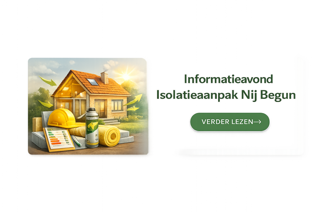 Op 30 oktober is er in De Wending een informatie-avond over de isolatieaanpak van Nij Begun en de aanvullende subsidieregeling vanuit de gemeente. Aanmelden is niet nodig.
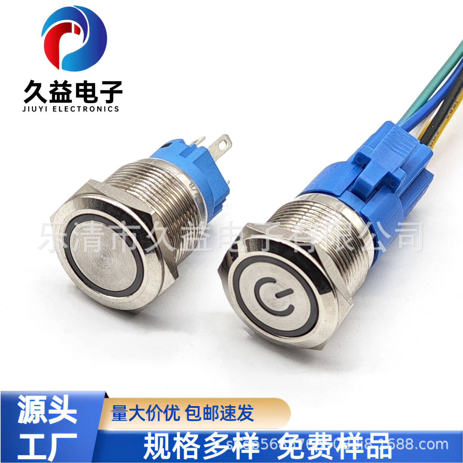 メーカー直供金属ボタンスイッチ19mm LED電源ランプ付セルフロック防水防塵金属ボタン
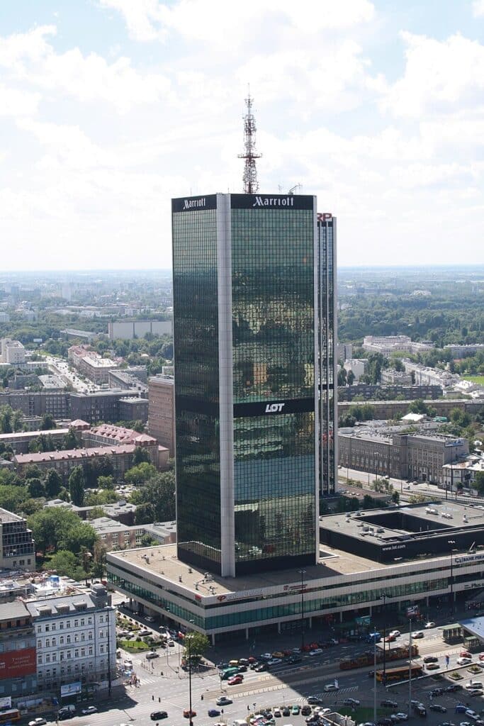 LIM Center z szyldem Marriott International w 2010 r., źródło: Wikimedia CommonsW hotelu znajdowało się 523 pokojów, w tym luksusowy apartament prezydencki na najwyższych piętrach budynku, z panoramicznym widokiem na Warszawę. Obiekt stał się nieodłącznym elementem miejskiego krajobrazu, a jego charakterystyczna sylwetka wpisała się na stałe w panoramę stolicy.
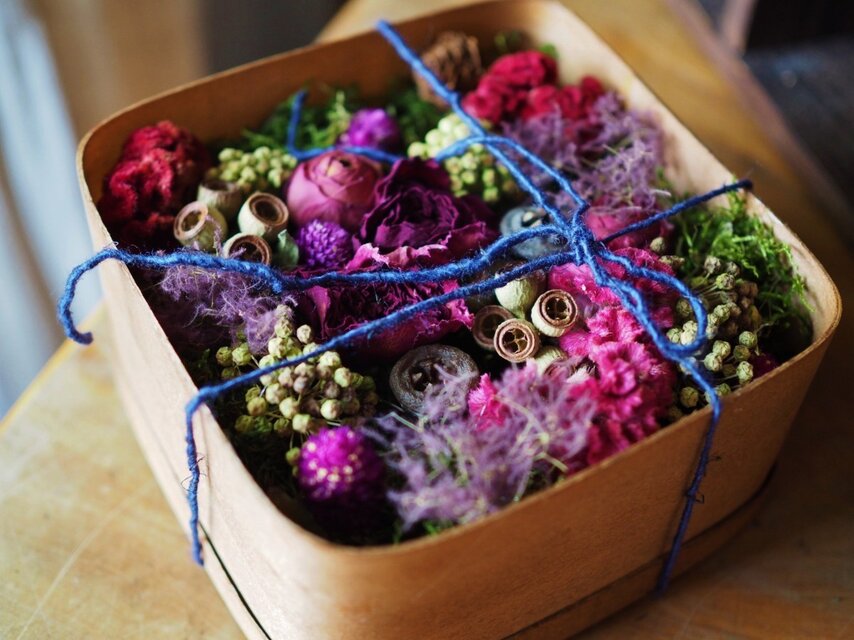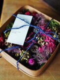 木の皮で作られたBOXに小さな木の実とドライフラワーで

● ● ● ● ● ● ●

== TASK STATEMENT ==
Each line above has to be returned exactly. Drop the pictures.

== RESPONSE TO THIS EXERCISE ==
 Op 30 oktober is er in De Wending een informatie-avond over de isolatieaanpak van Nij Begun en de aanvullende subsidieregeling vanuit de gemeente. Aanmelden is niet nodig.
 メーカー直供金属ボタンスイッチ19mm LED電源ランプ付セルフロック防水防塵金属ボタン
 LIM Center z szyldem Marriott International w 2010 r., źródło: Wikimedia CommonsW hotelu znajdowało się 523 pokojów, w tym luksusowy apartament prezydencki na najwyższych piętrach budynku, z panoramicznym widokiem na Warszawę. Obiekt stał się nieodłącznym elementem miejskiego krajobrazu, a jego charakterystyczna sylwetka wpisała się na stałe w panoramę stolicy.
 木の皮で作られたBOXに小さな木の実とドライフラワーで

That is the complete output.